Dynamic simulation of semi-active suspension systems for durability analysis

The benefits of vehicles with semi-active suspension systems have been widely accepted, mainly for improvement in ride and handling, over the passive system.
However, the durability of the suspension components resulting from this implementation received very little attention. Therefore, this research aims to examine
the effect of employing a selection of semi-active control strategies on the components' durability. To achieve this early in the design cycle, accurate representations of the load histories must be generated as these histories are the prerequisite in predicting fatigue life. This requires an alternative modelling and simulation approach capable of
combining the complexity of vehicle suspensions with semi-active controller models, and at the same time capable of maintaining accurate dynamic responses.

In realizing this objective, a multi-body cosimulation approach has been proposed to predict these loads.
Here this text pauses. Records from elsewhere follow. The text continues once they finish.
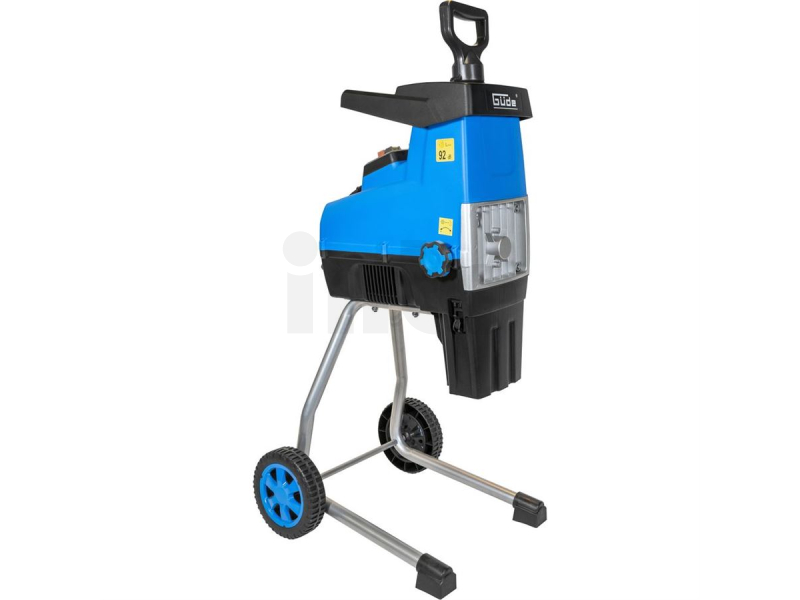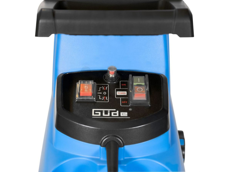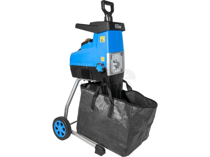 Výkonný elektrický štěpkovač Güde, určený k ekologické likvidaci dřevnatého zahradního odpadu.
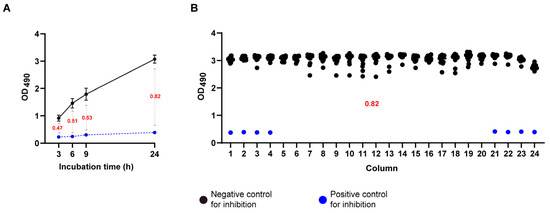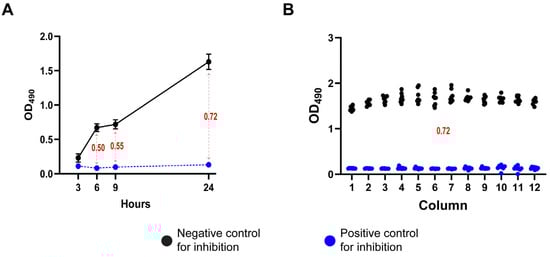 Optimization of experimental conditions for the 96-well plate assay. (A) Monitoring of the optimal incubation time for XTT reduction yielding the highest Z′ value; the blue line represents the OD490 readings from the positive control plate (Amb 10 µg/mL), the dark line represents the readings from the negative control plate (DMSO). (B) Representative Z′ assay using a positive and a negative control plate. Blue points represent one well of the positive control plate, while black points represent one of the negative control for inhibition. Numerical values in red indicate the calculated Z′ score at each time point, based on the corresponding control values.
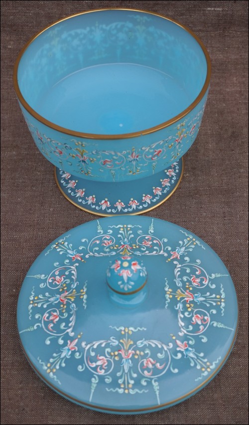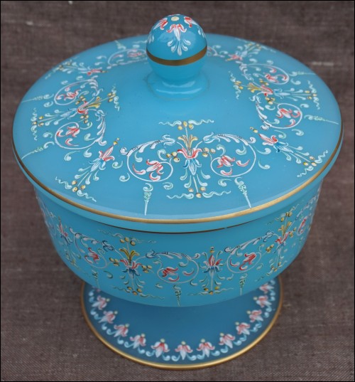 Rare opaline enameled glass footed bowl with lid made by Ludwig Moser in Bohemia during the end of the 19th century. Perfect condition, no chips , no hairlines or damages as presented on the following pictures. 8 1/4" height 7 1/4" diameter.
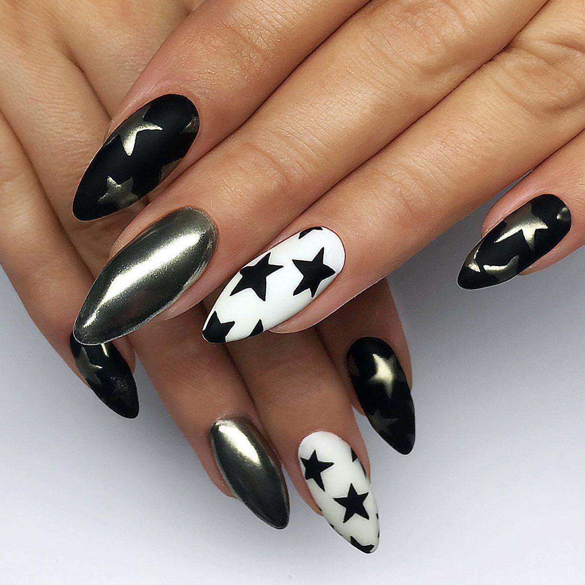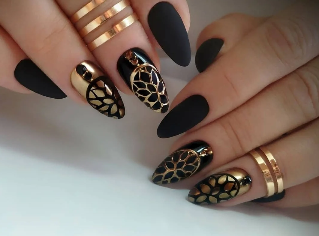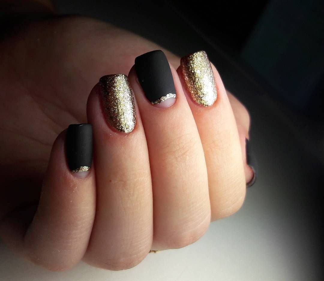 Сочетание золота или серебра с черным матовым топом создает стильный и элегантный маникюр. Вы можете использовать блестки или фольгу, чтобы добавить еще больше блеска и яркости.
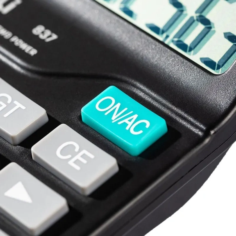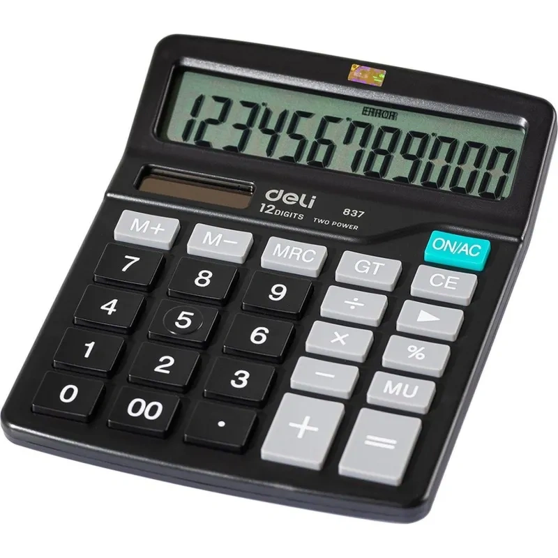 Настольный калькулятор Deli 837 — незаменимый помощник в офисе, школе и дома. Компактный размер, эргономичная форма, удобные кнопки. Оптимальный набор функций поможет автоматизировать расчеты: итоговое суммирование, независимая память, расчет процентов, вычисление наценки, коррекция введенного значения. Калькулятор в пластиковом корпусе, имеет большой 12-разрядный жидкокристаллический экран. Размеры: 148×120×52 мм. В комплекте 1 батарейка АА.
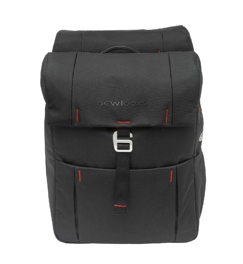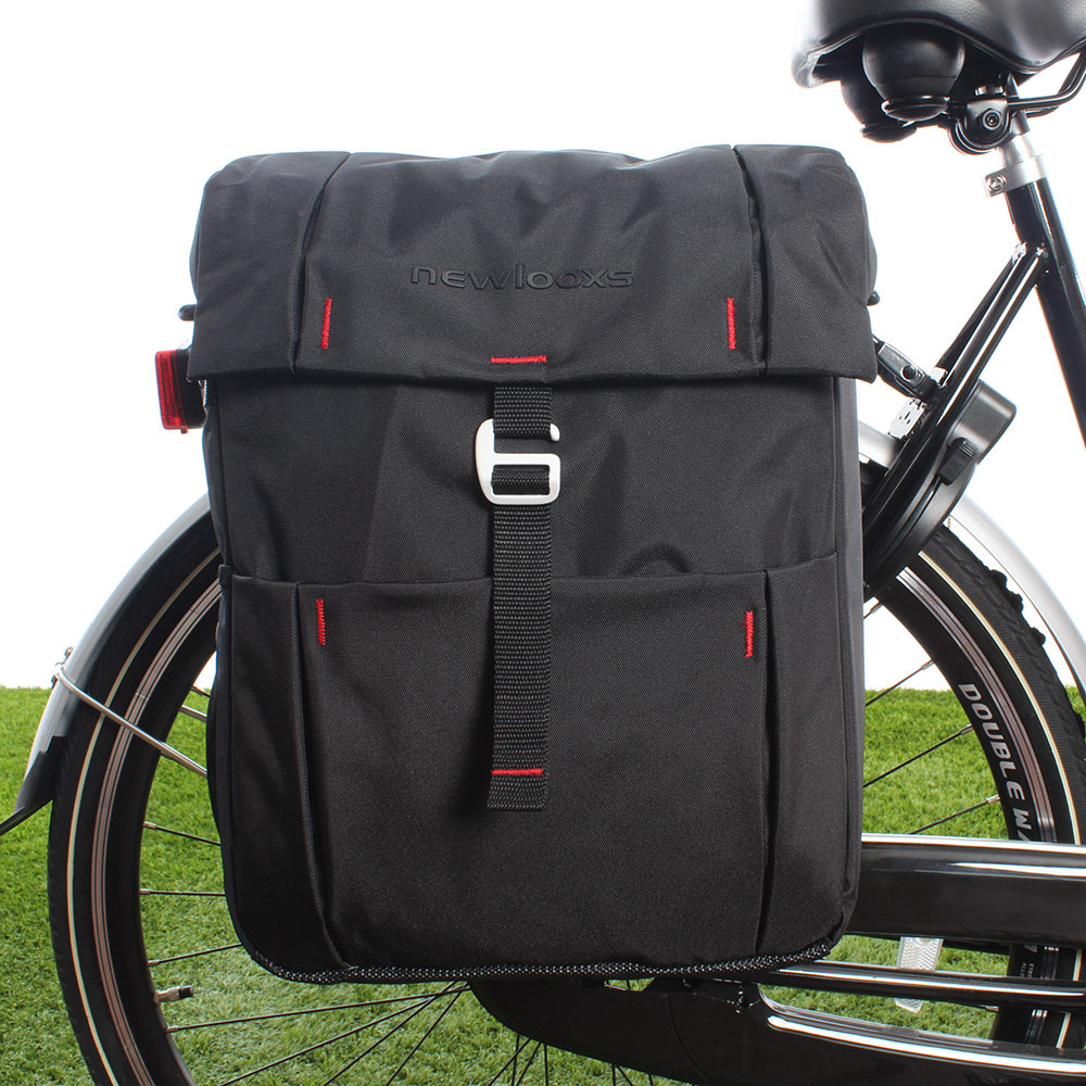 Deze dubbele fietstas heeft ruime hoofdvakken die u op twee manieren kunt afsluiten. Ten eerste sluit u de tas met een koord dat u kunt aansnoeren. Daarna sluit u de tas met de flap die u met een haak op verschillende standen kunt vast zetten. De tassen zijn voorzien van een verharde bodemplaat en hebben beide een extra voorvak en twee extra zijvakken. De tas is waterafstotend. Wanneer de tas echt 100% waterdicht moet zijn, kunt u de New Looxs-regenhoes bijbestellen.

Initially, efforts are centred on verifying the proposed method against conventional modelling and simulation techniques. This is followed by the evaluating the responses of vehicle suspension models of different complexities fitted with a selection of semi-active control strategies when subjected to transient and random road inputs. In an attempt to demonstrate the flexibility of MBS cosimulation, a magnetorheological damper model derived from experimental data is introduced,in which its dynamic
characteristics and dynamic response are examined.

It is concluded that the proposed method is capable of producing reasonably accurate load histories but at the expense of increasing solution time. Evaluation of the durability of a lower suspension arm of a multi-purpose
passenger vehicle suggested that the two state
semi-active strategies with skyhook damping control produced shorter fatigue life than from the conventional passives suspension systems.